Opposite to Bassowal, which is close upon the river, very high steep hills confine the stream, and at their eastern extremity are a series of caves, with triangular entrances. The spot is called Chakanúr, and there are besides many other vestiges of antiquity there. Bassowal appears to occupy an ancient site, and has some venerable tamarisk trees, the remains of its antique groves. The same kind of memorials also distinguish the vicinage of Ghirdí. Between Bassowal and Már Koh (the snake hill), which occurs about three miles west of it, the soil is strewed with fragments of potters ware, and similar indications are seen all round the southern termination of the hill, even so far as Báttí Kot, a distance perhaps of five miles.

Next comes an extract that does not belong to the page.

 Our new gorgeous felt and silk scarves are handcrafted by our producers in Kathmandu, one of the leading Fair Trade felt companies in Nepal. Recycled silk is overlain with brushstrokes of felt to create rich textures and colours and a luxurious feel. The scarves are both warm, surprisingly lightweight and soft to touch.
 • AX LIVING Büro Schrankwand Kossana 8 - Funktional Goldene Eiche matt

We left Bassowal in the evening, but instead of following the high road which passes by Báttí Kot, and thence by Súrkh Dewâl to Alí Bâghân and Jelálabád; we took a pleasanter and possibly a shorter one, tracing chiefly the river bank. Beyond Bassowal, we crossed a marsh full of reeds, and then by a short and open passage through the hill Már Koh, we arrived at Ambhár Khána, a small village on the river. Hence, we traversed the plain of Chahár Déh (the four villages), for four or five miles, and again approached hills, which like Már Koh, close upon the river. Opposite to Chahár Déh, across the stream, is the small and bare looking district of Goshter, into which the Karapa road from Pesháwer conducts. A few naked castles are sprinkled over the plain ascending to the hills, and there resides Fattúlah Khán Momand, a chief of less consequence than Sádat Khán of Lâlpúra, and less respected. South of the plain of Chahár Déh is the village of Battí Kot, famed for the zíárat of A'khúnd Músa, in virtue of whose holy benediction, the snakes numerously found on Már Koh, which derives its name from the circumstance, are believed to have been rendered harmless. I might have noticed that at Ghirdí is a celebrated zíárat of a saint, who was as much in his element when in the water as a fish, for it is credited that he would dive into the river at Ghirdí and re-appear at Atak.

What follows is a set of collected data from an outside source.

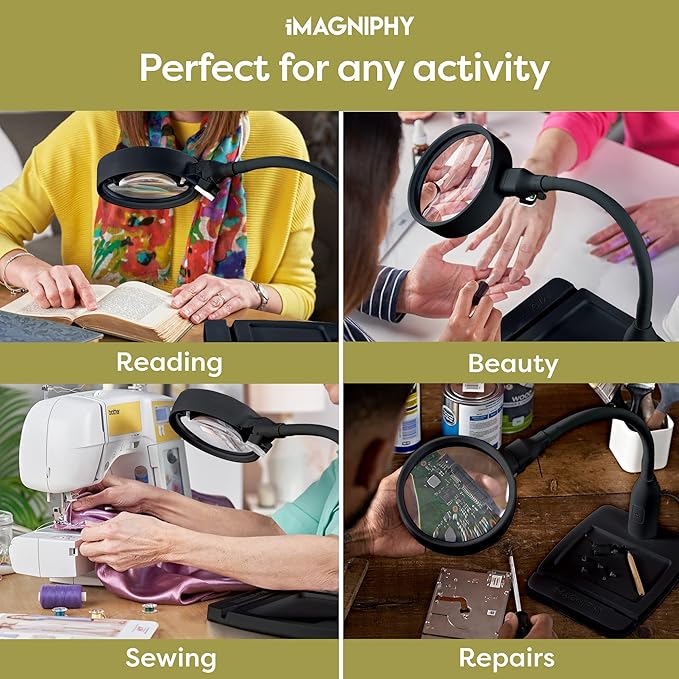 About This Oversized Lens with 8x Magnification - See better, do more with iMagniphy Desk Magnifying Glass with Light and...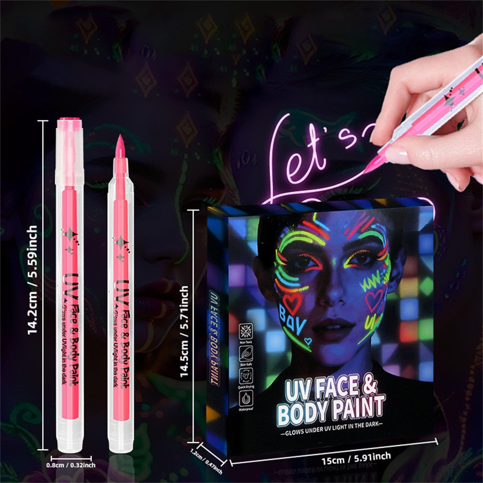 🎁——————————-Welcome to our shop—————————–🎁 If you have any questions, please contact us immediately. Welcome to my treasure trove of a shop! You’re sure to find what you need here! Thank you for your patronage! Have a wonderful day! Features: 1.12 UV reactive neon colors 2.Water-based, easy to wash 3.Portable and easy to apply 4.For cosplay and festivals 5.Long-lasting vivid finish Specifications: Name: Glow Face and Body Paint Markers Set Glow Effect: UV / Blacklight Reactive Only (Does not self-glow in the dark) Colors: 12/8 Vibrant Neon Colors Formula: Water-proof, Sweat-proof, Long-Lasting Cleanup: Easy removal with soapy water or makeup wip Package: 1 PCS * Glow Face and Body Paint Markers Set Note: 1. Due to manual measurement, please allow a difference of 1-5g/1-2cm. 2. Due to different displays and different lighting, the picture may not reflect the actual color of the item. Thank you for your understanding.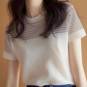 ストライプのデザインの夏の新型のフランス式の半袖の香りの風は純色の軽くて豪華な感じの小さい大衆の独特な上着のtシャツを合わせます。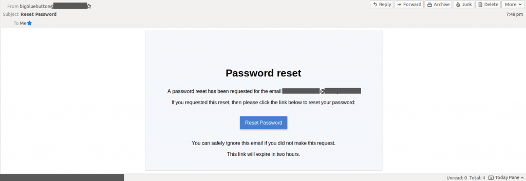 When the blue ‘Reset Password’ button is clicked, the following link opens in the browser: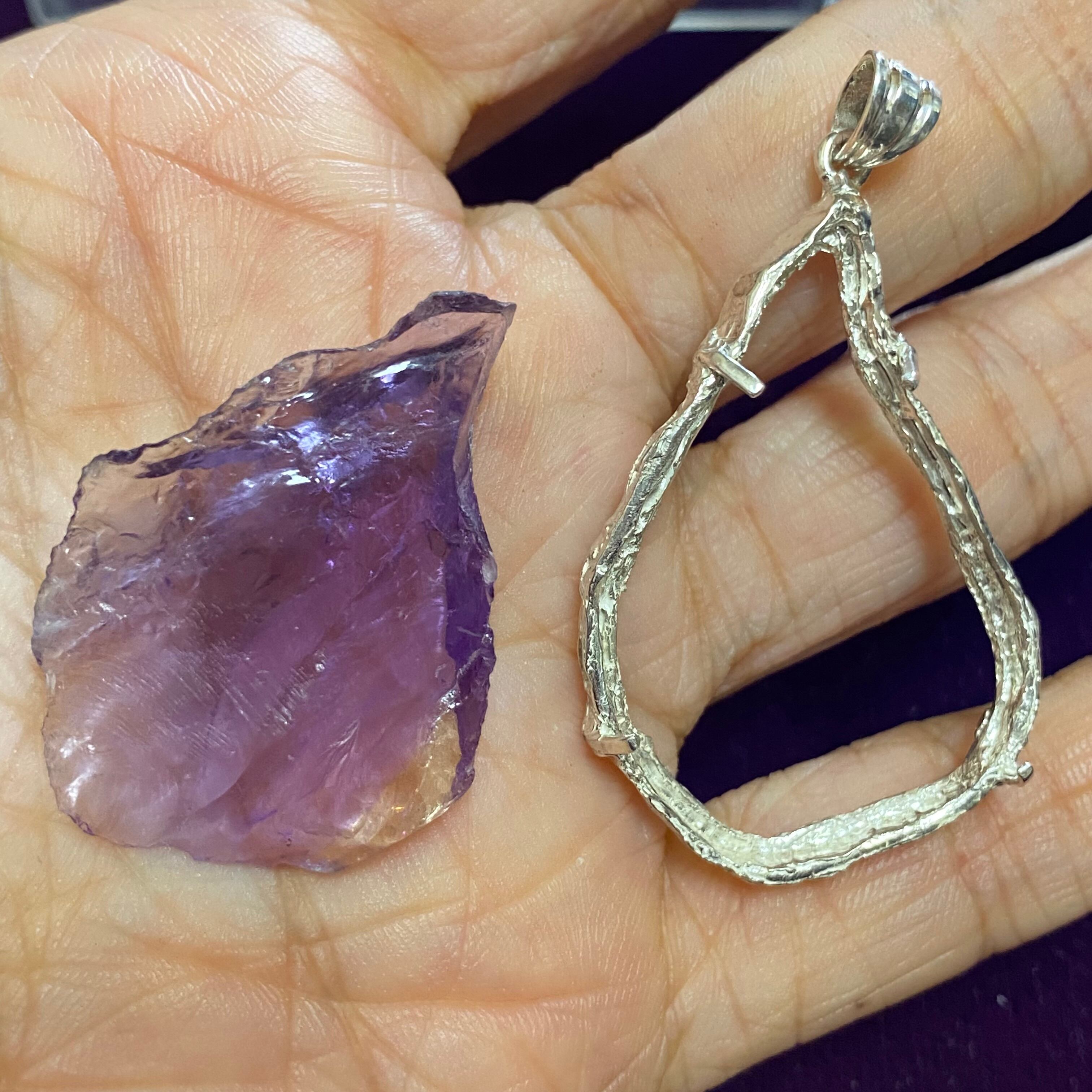 アメシストの紫とシトリンの黄色のコントラストが美しい「天然アメトリン」を、原石の風合いを活かしたラフカットのまま枠に収めました。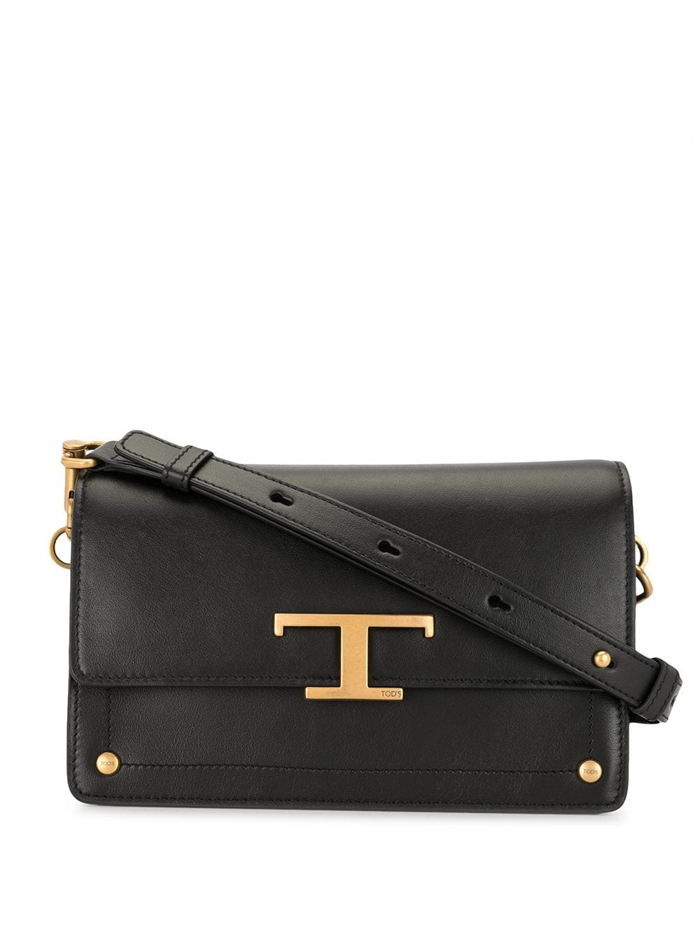 T Timeless shoulder bag Well, Tod's got this one right. This shoulder bag really puts the "T" in timeless. Constructed from black leather with gold-tone detailing, this is the kind of accessory you'll want to wear every day, for the rest of your life. And they lived happily ever after... Made in Italy Composition Outer: Leather 100% SIZE & FIT Model measurements Height 5 ft 9 in(1.76 m) Bust/Chest 29.13 in(74 cm) Hips 33.07 in(84 cm) Waist 22.83 in(58 cm) Measurement DEPTH 3.93 in(10 cm) HANDLE 7.87 in(20 cm) HEIGHT 5.51 in(14 cm) WIDTH 9.44 in(24 cm)

The path from Chahár Déh winds around the hills, overlooking the fine stream. Practicable to footmen, it is difficultly so to horse

At one spot,

men, who in some places are compelled to dismount. there is a Súrâkh, or aperture, for some distance through the rock, whence the whole of the hills are often called Koh Sang Súrâkh (the hill of the perforated rock), and the same name is applied to the path. We came opposite to another of those monuments called Topes, seated on an eminence. It was very picturesque, and the scenery was so agreable, that my Patán companion asked me if there were any spots so charming in my country. A little beyond or north of this Tope, a branch from the hills bounding Goshter terminates in a point, which from the white colour of the rock is called Saféd Bíní (the white nose, that is projection.) The hill itself yields steatite, to which its colour is due. About a mile hence we came to a village called Ghir lí Kach, located pleasantly in a small amphitheatrical recess of the hills, which in the neighbourhood produce asbestus. We passed the night here in a masjid. The people supplied us with food, but did not seem to be well pleased that I was not a Mússúlmân.

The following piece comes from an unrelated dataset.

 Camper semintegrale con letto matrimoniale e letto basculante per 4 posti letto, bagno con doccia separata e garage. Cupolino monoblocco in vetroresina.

The next morning we continued our route, still leading along the river bank. On the opposite side was the district of Kámeh, which had commenced from Safed Bíní. It is abundantly garnished with castles, villages and gardens, and has a good deal of cultivation. It is much more extensive than Goshter, and to the west is described by the river of Khonar and Chitrâl, called here the Kámeh, which divides it from Bísút. Clearing at length the hills named indifferently Koh Sang Súrâkh, or Koh Alí Bâghân, we reached the village of the latter name, seated on rising ground, and about a mile from the river. Here we halted during midday in a tamarisk grove, where some weavers of lúnghís were engaged in their business. At this village, called also Sammah Khél, is a shrine, to which lunatics are brought, it being believed that in virtue of the benediction of the saint interred here, they recover their reason.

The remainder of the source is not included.